=== Section Start ===
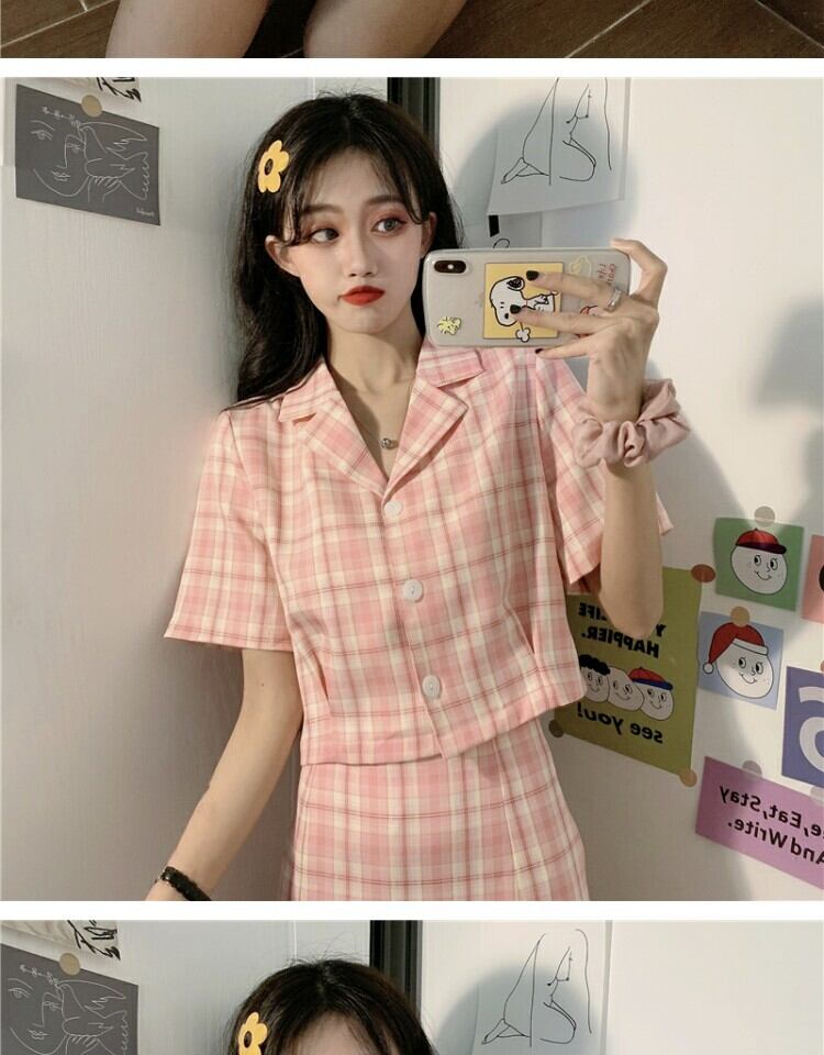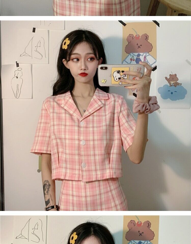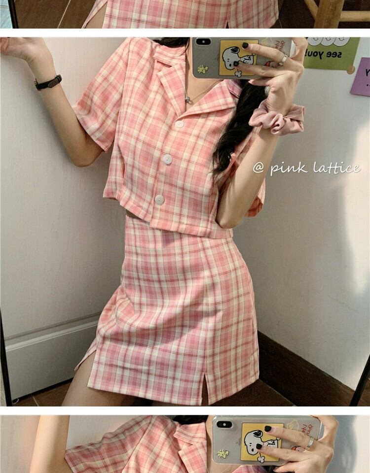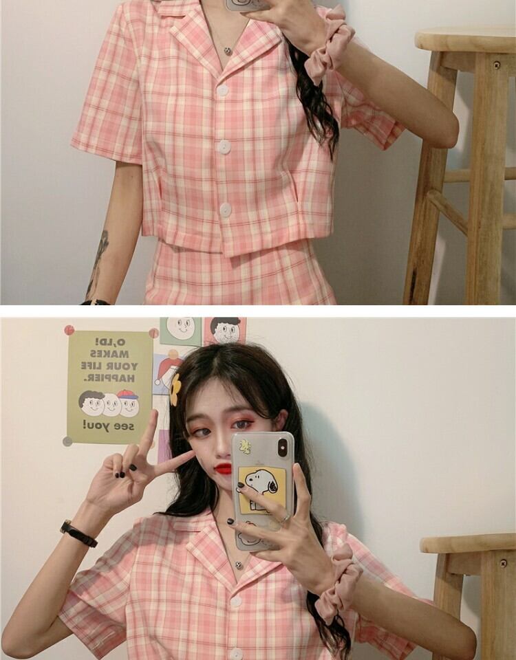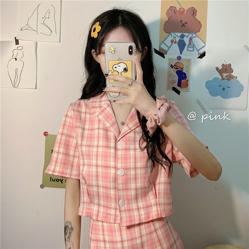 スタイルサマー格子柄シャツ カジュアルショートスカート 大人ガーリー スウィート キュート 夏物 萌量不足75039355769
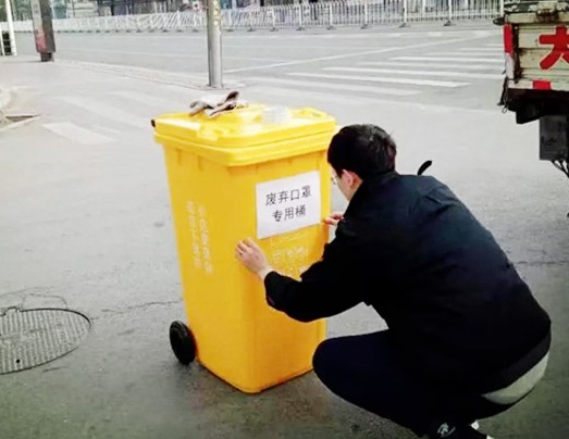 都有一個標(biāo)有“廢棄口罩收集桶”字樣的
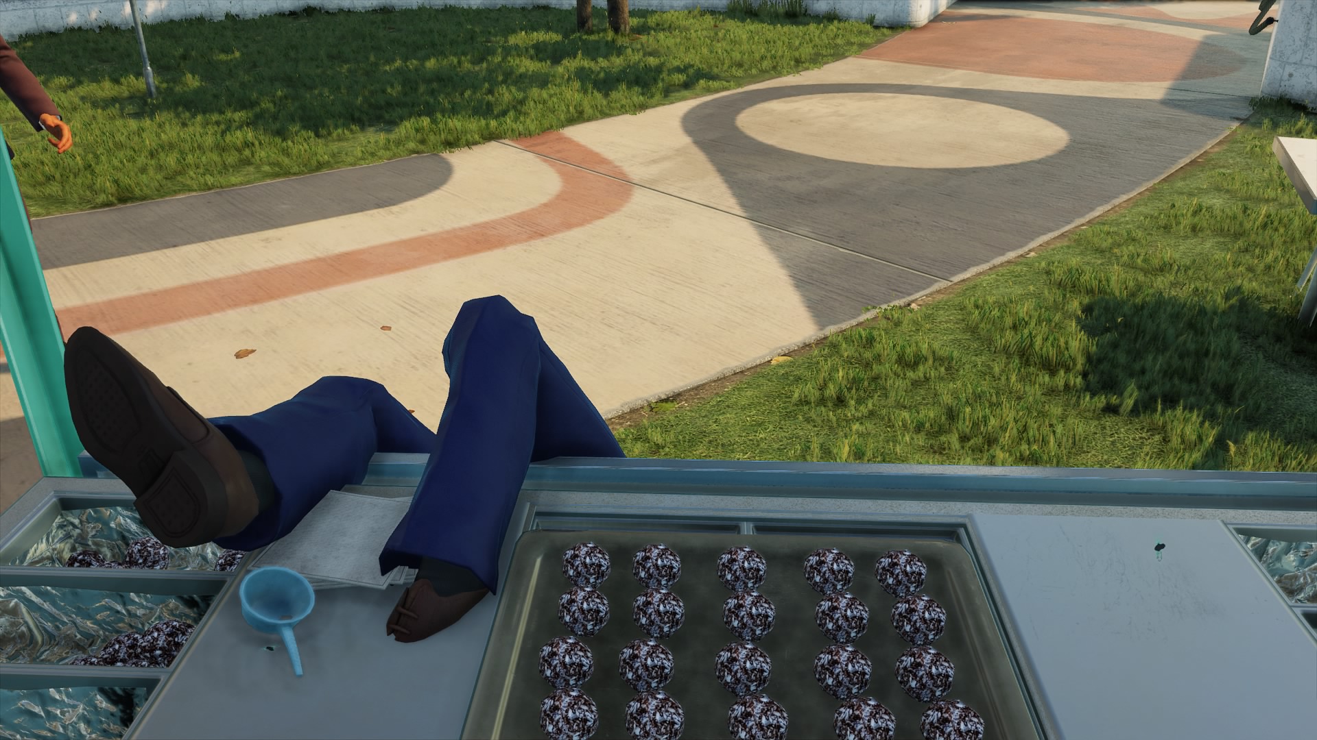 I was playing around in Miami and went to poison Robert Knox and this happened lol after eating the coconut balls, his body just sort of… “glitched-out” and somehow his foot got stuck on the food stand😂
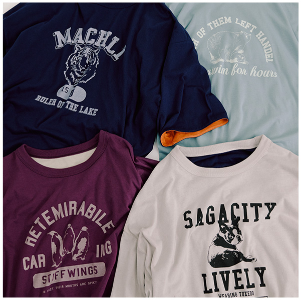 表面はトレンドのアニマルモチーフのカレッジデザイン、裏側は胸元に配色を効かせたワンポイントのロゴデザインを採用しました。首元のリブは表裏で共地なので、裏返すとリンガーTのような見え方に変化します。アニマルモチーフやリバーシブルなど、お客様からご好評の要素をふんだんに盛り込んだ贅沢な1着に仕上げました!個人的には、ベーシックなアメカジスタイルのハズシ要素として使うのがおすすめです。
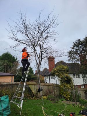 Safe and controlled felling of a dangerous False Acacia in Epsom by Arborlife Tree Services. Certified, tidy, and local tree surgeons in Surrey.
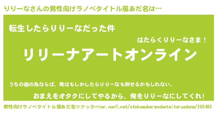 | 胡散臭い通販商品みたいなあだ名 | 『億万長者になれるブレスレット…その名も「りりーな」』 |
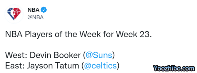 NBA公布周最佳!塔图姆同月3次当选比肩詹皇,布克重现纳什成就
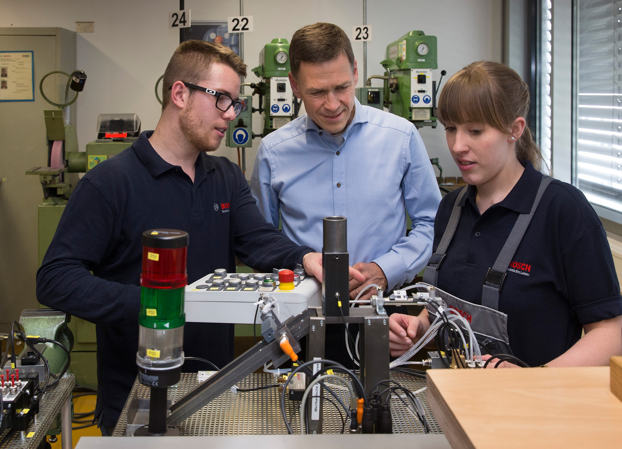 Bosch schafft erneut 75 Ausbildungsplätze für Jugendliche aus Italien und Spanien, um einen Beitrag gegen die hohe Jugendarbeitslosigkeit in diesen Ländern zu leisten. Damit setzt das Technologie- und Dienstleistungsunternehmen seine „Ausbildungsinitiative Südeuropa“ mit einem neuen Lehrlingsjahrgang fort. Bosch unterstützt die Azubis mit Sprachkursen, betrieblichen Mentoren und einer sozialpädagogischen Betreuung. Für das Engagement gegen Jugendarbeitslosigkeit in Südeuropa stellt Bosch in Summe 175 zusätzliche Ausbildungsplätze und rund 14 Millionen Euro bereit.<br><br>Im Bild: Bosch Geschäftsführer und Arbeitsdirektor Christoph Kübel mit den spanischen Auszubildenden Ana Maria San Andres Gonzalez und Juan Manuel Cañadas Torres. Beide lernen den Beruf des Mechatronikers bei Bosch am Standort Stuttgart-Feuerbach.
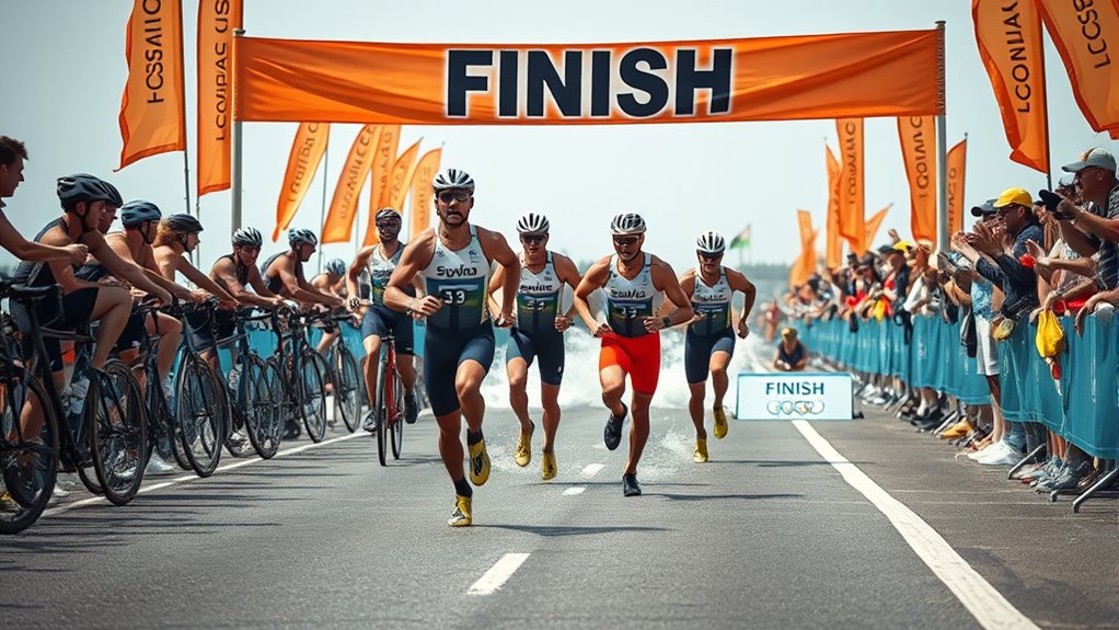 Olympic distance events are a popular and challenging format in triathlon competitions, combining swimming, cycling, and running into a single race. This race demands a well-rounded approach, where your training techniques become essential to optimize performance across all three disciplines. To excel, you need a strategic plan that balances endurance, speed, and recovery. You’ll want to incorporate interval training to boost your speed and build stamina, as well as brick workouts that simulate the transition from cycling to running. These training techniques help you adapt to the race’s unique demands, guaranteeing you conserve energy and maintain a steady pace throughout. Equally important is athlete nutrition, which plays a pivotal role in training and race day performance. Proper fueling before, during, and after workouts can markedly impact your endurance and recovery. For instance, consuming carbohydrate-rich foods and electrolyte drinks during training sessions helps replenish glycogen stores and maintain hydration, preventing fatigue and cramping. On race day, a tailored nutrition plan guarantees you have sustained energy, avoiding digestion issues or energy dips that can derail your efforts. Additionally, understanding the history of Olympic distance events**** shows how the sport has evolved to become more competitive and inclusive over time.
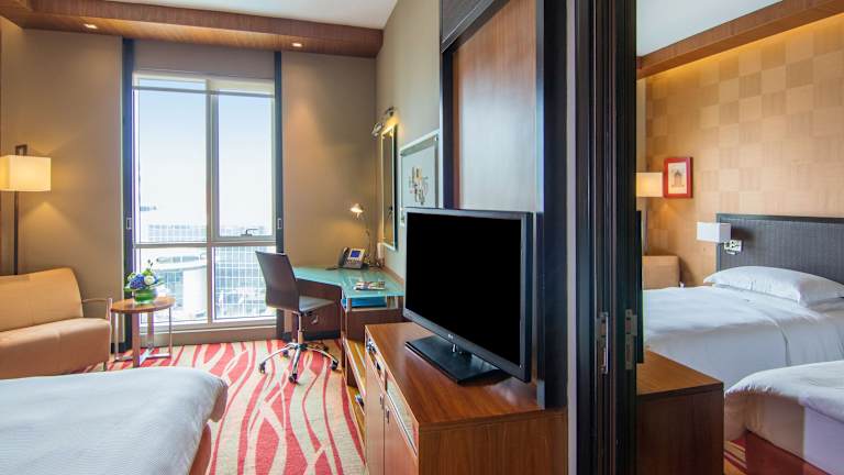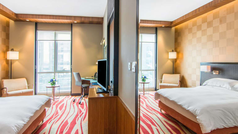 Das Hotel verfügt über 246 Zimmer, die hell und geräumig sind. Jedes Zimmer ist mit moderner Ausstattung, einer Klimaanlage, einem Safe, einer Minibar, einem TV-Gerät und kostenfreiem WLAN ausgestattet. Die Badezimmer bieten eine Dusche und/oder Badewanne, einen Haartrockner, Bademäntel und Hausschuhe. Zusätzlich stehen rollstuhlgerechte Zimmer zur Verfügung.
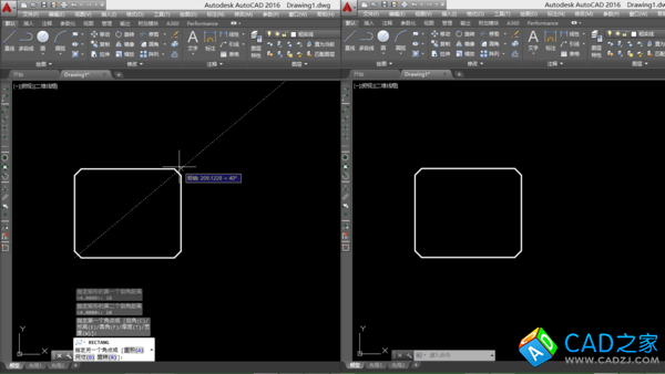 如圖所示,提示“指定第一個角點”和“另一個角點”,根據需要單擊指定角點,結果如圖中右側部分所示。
=== Section End ===
• [Activity]: Leave the pictures out and reproduce exactly the lines from the top of the listing above through the line with "Bosch schafft erneut".

• [Exercise solution]:
 スタイルサマー格子柄シャツ カジュアルショートスカート 大人ガーリー スウィート キュート 夏物 萌量不足75039355769
 都有一個標(biāo)有“廢棄口罩收集桶”字樣的
 I was playing around in Miami and went to poison Robert Knox and this happened lol after eating the coconut balls, his body just sort of… “glitched-out” and somehow his foot got stuck on the food stand😂
 表面はトレンドのアニマルモチーフのカレッジデザイン、裏側は胸元に配色を効かせたワンポイントのロゴデザインを採用しました。首元のリブは表裏で共地なので、裏返すとリンガーTのような見え方に変化します。アニマルモチーフやリバーシブルなど、お客様からご好評の要素をふんだんに盛り込んだ贅沢な1着に仕上げました!個人的には、ベーシックなアメカジスタイルのハズシ要素として使うのがおすすめです。
 Safe and controlled felling of a dangerous False Acacia in Epsom by Arborlife Tree Services. Certified, tidy, and local tree surgeons in Surrey.
 | 胡散臭い通販商品みたいなあだ名 | 『億万長者になれるブレスレット…その名も「りりーな」』 |
 NBA公布周最佳!塔图姆同月3次当选比肩詹皇,布克重现纳什成就
 Bosch schafft erneut 75 Ausbildungsplätze für Jugendliche aus Italien und Spanien, um einen Beitrag gegen die hohe Jugendarbeitslosigkeit in diesen Ländern zu leisten. Damit setzt das Technologie- und Dienstleistungsunternehmen seine „Ausbildungsinitiative Südeuropa“ mit einem neuen Lehrlingsjahrgang fort. Bosch unterstützt die Azubis mit Sprachkursen, betrieblichen Mentoren und einer sozialpädagogischen Betreuung. Für das Engagement gegen Jugendarbeitslosigkeit in Südeuropa stellt Bosch in Summe 175 zusätzliche Ausbildungsplätze und rund 14 Millionen Euro bereit.<br><br>Im Bild: Bosch Geschäftsführer und Arbeitsdirektor Christoph Kübel mit den spanischen Auszubildenden Ana Maria San Andres Gonzalez und Juan Manuel Cañadas Torres. Beide lernen den Beruf des Mechatronikers bei Bosch am Standort Stuttgart-Feuerbach.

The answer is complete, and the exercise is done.